Sensitivity analysis

To our knowledge, this is the only comparative analysis of trial data in a delirium setting. Different statistical approaches highlight different aspects of the data: imputation averages and linear models emphasise differences in group means, while the time-to-event and nonlinear models focus on progression towards recovery. Reassuringly, there is a large degree of consistency between the analyses reported here. Taken together, the quantitative results seem to us to paint a convincing qualitative picture that – at least in this instance – the active treatment has had a beneficial effect on the treated group.

Discussion

In this paper, we have considered several statistical points of view on the same scientific problem: estimating the effect of treatment in delirium trials, especially when some observations may be missing. As will be evident from the foregoing illustrative analyses, our recommendations are based not only on successes, but also on the mistakes that we have made, and learned from, in our own trial work.

We have chosen to illustrate the statistical methods that we consider to be most applicable to delirium trials. There are, of course, many other possibilities, ranging from slight variations on these themes to entirely different perspectives. More broadly, then, our view is that common features of delirium studies, such as small sample sizes, sample attrition and spontaneous recovery mean that techniques are likely to be preferred if they make efficient use of available data and, more specifically, take a global (as opposed to end-of-trial) perspective. This neatly summarises our recommendations to those carrying out delirium research: design, recording and analysis of trials should maintain a global view of the progression of each patient, from the point of recruitment to their ultimate death or discharge and, hopefully, recovery.

Neither have we considered in detail all the statistical issues that arise in delirium trials. For instance, a typical efficacy trial might consider several possible outcome measures, and questions of multiple testing then surface. Also, all the approaches we have discussed rely on an assumption of random missingness [13] or similar; this is a limitation, and remains an active area of statistical research. Much generic advice is available, but we also counsel early consultation with a professional statistician, who can advise on the specific problems that arise in delirium trials, and offer direction on selection and use of an appropriate model.

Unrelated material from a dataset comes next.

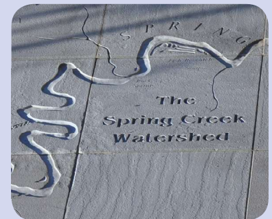
Profile Image: Stacy Levy • Second Image: Fredric Weber • References: stacylevy.com ; artfulrainwaterdesign.psu.edu ; wikipedia.org/wiki/Stacy_Levy

This publication is available in alternative media on request.

Given that the body of reliable empirical evidence concerning the treatment of delirium is sparse, it is unfortunate that detailed consideration of analytical aspects of delirium trials is also rare. Ultimately, it can be hoped that sufficient data will emerge to swamp the effects of less suitable mathematical models, but in the present state of fairly limited knowledge (particularly about longer-term outcomes), convincing analyses will be needed in order to influence professional practice. It is our hope that the methods we have described will play a part in convincing analyses of future delirium research.

Contributions

TT and JB formulated and carried out the historical randomised controlled trial. TT surveyed the literature and proposed and wrote the first draft of the current paper. DF assisted with the analysis of the trial, and described and carried out the statistical methods illustrated in the current paper.

Conflict of interest

Tahir et al. was an investigator initiated study [2]. In terms of the Clinical Trials Directive, AstraZeneca UK legally sponsored and provided funding for recruitment of a research assistant and for trial medication.